I benefici del caffè di cicoria

La radice di cicoria è ricca di nutrienti e sostanze benefiche quali: polifenoli, sostanze amare, acidi organici, inulina (fibre solubile), vitamina C, P e K e sali minerali quali sodio, potassio, magnesio, calcio, ferro, rame e fosforo. La sinergia di tutti questi elementi, conferiscono al caffè di cicoria le seguenti proprietà:

  • Digestiva: il caffè di cicoria stimola la secrezione gastrica, per cui è indicata subito dopo i pasti per migliorare la digestione, in particolare di carne e pesce (che hanno bisogno di un acidità gastrica superiore per essere ben digerite).
  • Depurativa: la cicoria è da sempre considerata una pianta “amica del fegato”. Merito delle sostanze amare contenute nella radice, che svolgono un’azione stimolante e disintossicante del fegato, rallentando lo stress ossidativo e riducendo gli eventuali danni epatici presenti.
  • Nutre e migliora la flora batterica: la radice di cicoria contiene inulina, una fibra solubile che nutre e migliora la flora batterica intestinale, il cui ruolo è fondamentale per contrastare i possibili attacchi di virus, batteri e funghi patogeni.
  • Lassativa: la cicoria ha proprietà coleretica e colagoga, ovvero stimola la secrezione di bile e ne favorisce l’afflusso dalla cistifellea verso l’intestino, migliorando il transito intestinale. Anche le fibre (inulina) contribuiscono al transito delle feci, aiutando quindi a migliorare casi di stitichezza ostinata.
  • Anti-diabetico: sempre l’inulina, la fibre solubile contenuta nella radice di cicoria, ha un’azione regolatrice nei confronti della glicemia (il valore della concentrazione di glucosio nel sangue). Per questo motivo il caffè di cicoria risulta essere la bevanda ideale anche per le persone affette da diabete e da iperglicemia.
  • Antiossidante: la radice di cicoria è ricca di polifenoli, sostanze con spiccata azione antiossidante. Contrastano i radicali liberi con effetto antinvecchiamento.
  • Controindicazioni

Il caffè caffè di cicoria, così come la stessa cicoria, andrebbero evitati in gravidanza, dato che può stimolare le contrazioni uterine.
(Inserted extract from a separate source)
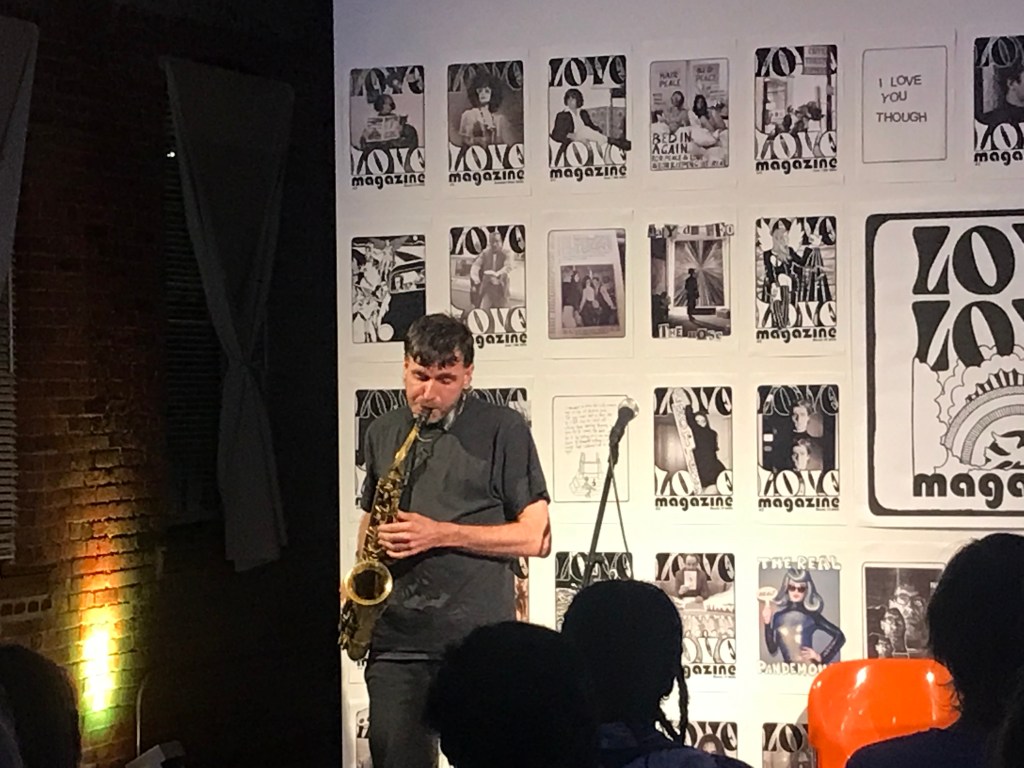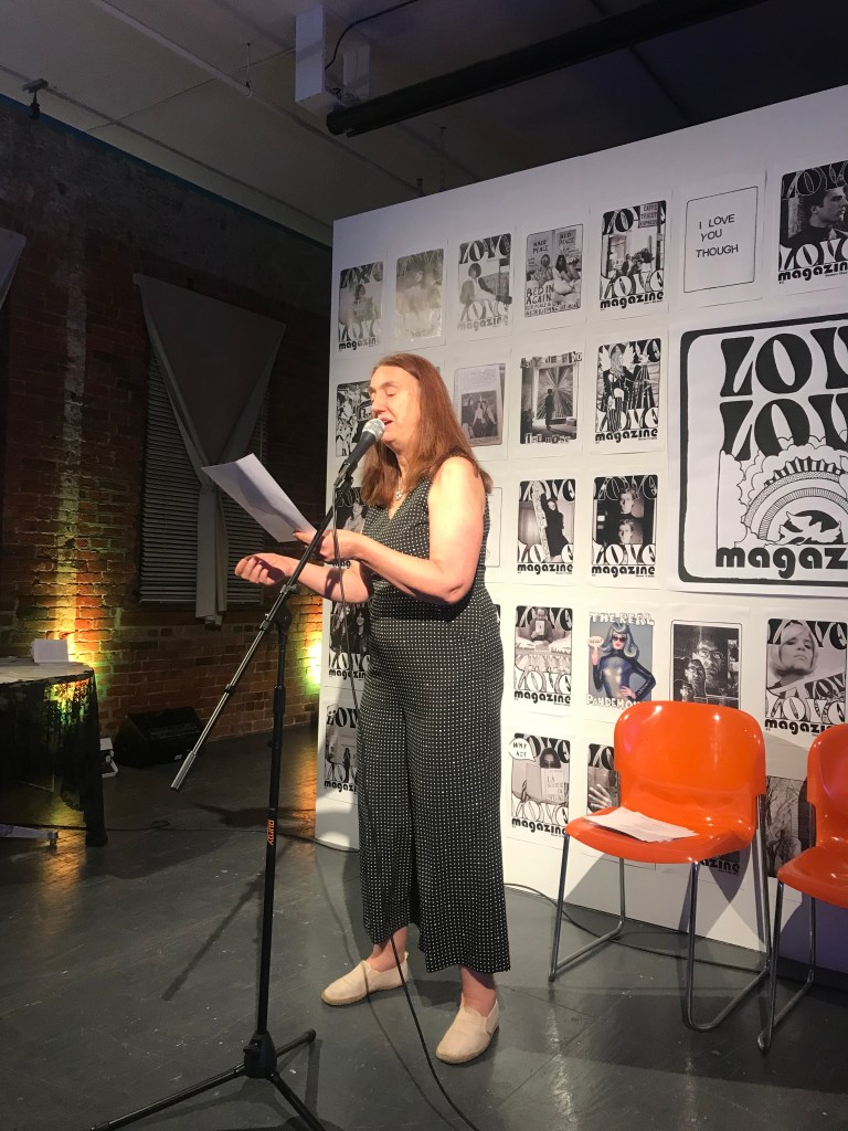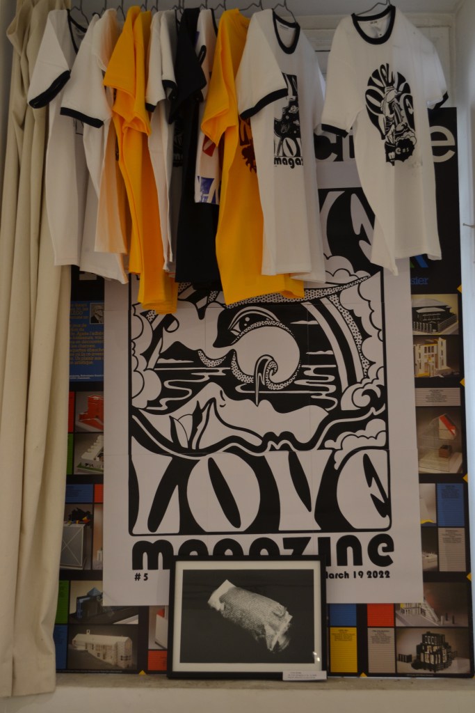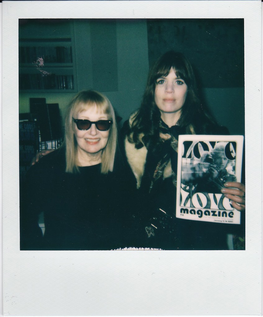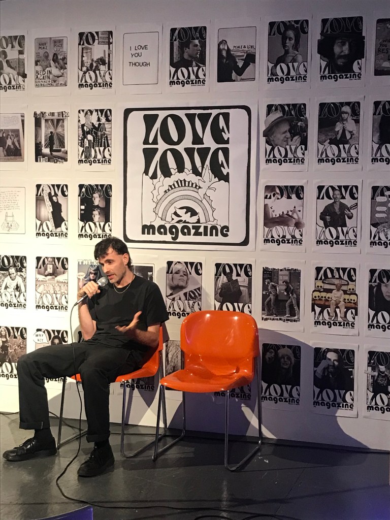 The latest publication of Love Love press was a compilation of Love Love material in a pocket sized Love Love 2019-2022 paperback of 160 pages, released on August 27 2022. Love Love #6 – The Reflective Foto issue – was released on January 21st 2023 in collaboration with Agnès b. and her La Fab gallery in Paris. On stage were artists Bibbe Hansen (The Factory, Fluxus, mother of musical artist Beck), Gabi Garbutt (UK) & Paul Shine (UK). Tree Carr (death doula & tarot reader) read everyone’s fortune in tarot cards.

Come per il caffè classico, anche quello di cicoria è controindicato alle persone che soffrono di gastrite, ulcera peptica.

Come preparare il caffè di cicoria?

La cosa migliore è preparare il caffè di cicoria facendo il decotto.

Si fa così: in un pentolino versare l’acqua e la cicoria tostata, accendere il fuoco (a fiamma bassa) e attendere l’ebollizione. A questo punto la cottura deve proseguire per altri 2-3 minuti, dopo di ché si spegne la fiamma e si filtra con un colino. Il caffè di cicoria è ottimo bevuto caldo, soprattutto al mattino per fare colazione, o subito dopo i pasti, per sfruttare anche l’azione digestiva. Più la bevanda è calda, maggiore sarà l’effetto digestivo.

E’ troppo amaro, con cosa lo dolcifico?

Se ritieni che il caffè di cicoria sia troppo amaro, puoi scegliere di dolcificarlo con del miele, o con altri dolcificanti naturali come lo sciroppo d’acero o il succo d’agave (attenzione alla compatibilità con il tuo gruppo sanguigno). Va bene anche il comune zucchero di barbabietola, senza esagerare però. Ricordo che lo zucchero di canna è ricavato da una graminacea, per cui è da evitare nel caso in cui tu soffra di allergie a pollini e graminaceae.

Assolutamente da evitare il fruttosio, l’aspartame, il destrosio o altri dolcificanti di sintesi, molto dannosi per la salute. Attenzione anche all’estratto di stevia, che spesso viene combinato ad altri dolcificanti di sintesi, o al fruttosio. Se proprio vuoi fare uso della stevia, utilizza le foglie essiccate e non l’estratto. Le riconosci dal colore verde.